The First U. S. Edition.
Advance Confidential Copy.
By Daniel J. Leab:
ANIMAL FARM, “advance confidential copy”, ink-stamped “Review Copy” and giving the details of publication on the front wrapper. There is edition with similar design from Christopher Morley, “Animal Farm by George Orwell”, reprint from the August 1946 Book-of-the-Month Club News.
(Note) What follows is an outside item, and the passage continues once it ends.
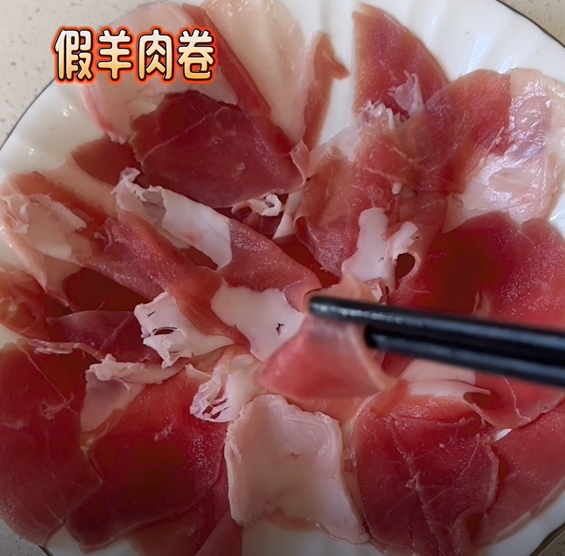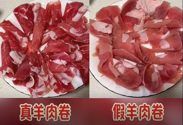 据了解,通常羊肉卷的价格是羊肉的1.5倍左右,所以过于便宜的羊肉卷就会有掺假的风险。除了价格,我们从肉的颜色、纹理上怎么来区别呢?为此,小编做了个真假羊肉卷的对比试验。

While struggling to find an English publisher, Orwell at the recommendation of Partisan Review friends sent the manuscript to the Dial press in New York, whose rejection included the assertion that “it was impossible to sell animal stories in the U.S.A.” Various other U.S. publishers, including, recalled Frederic Warburg, “top firms as Harper, Knopf, Viking, and Scribner”, also rejected it. But towards the end of 1945 Harcourt, Brace had “the courage” (Orwell's words) to accept it, but dropped the subtitle “A Fairy Story”, as did all translations in Orwell's lifetime except that into Telugu (a language of the Indian sub-continent). Harcourt, Brace in August 1946 published a print run of 50,000 copies, and it was also a Book-of-the-Month Club choice (whose two print runs totaled over 500,000 copies). Animal Farm was enthusiastically endorsed by the club's editorial board — the critic Christopher Morley (who had been on the BMOC-board since its organization in 1926) called the book “one of the great political satires”. And most U.S. reviewers agreed with him. Edmund Wilson compared Orwell to Voltaire and Swift and called the book “absolutely first rate”.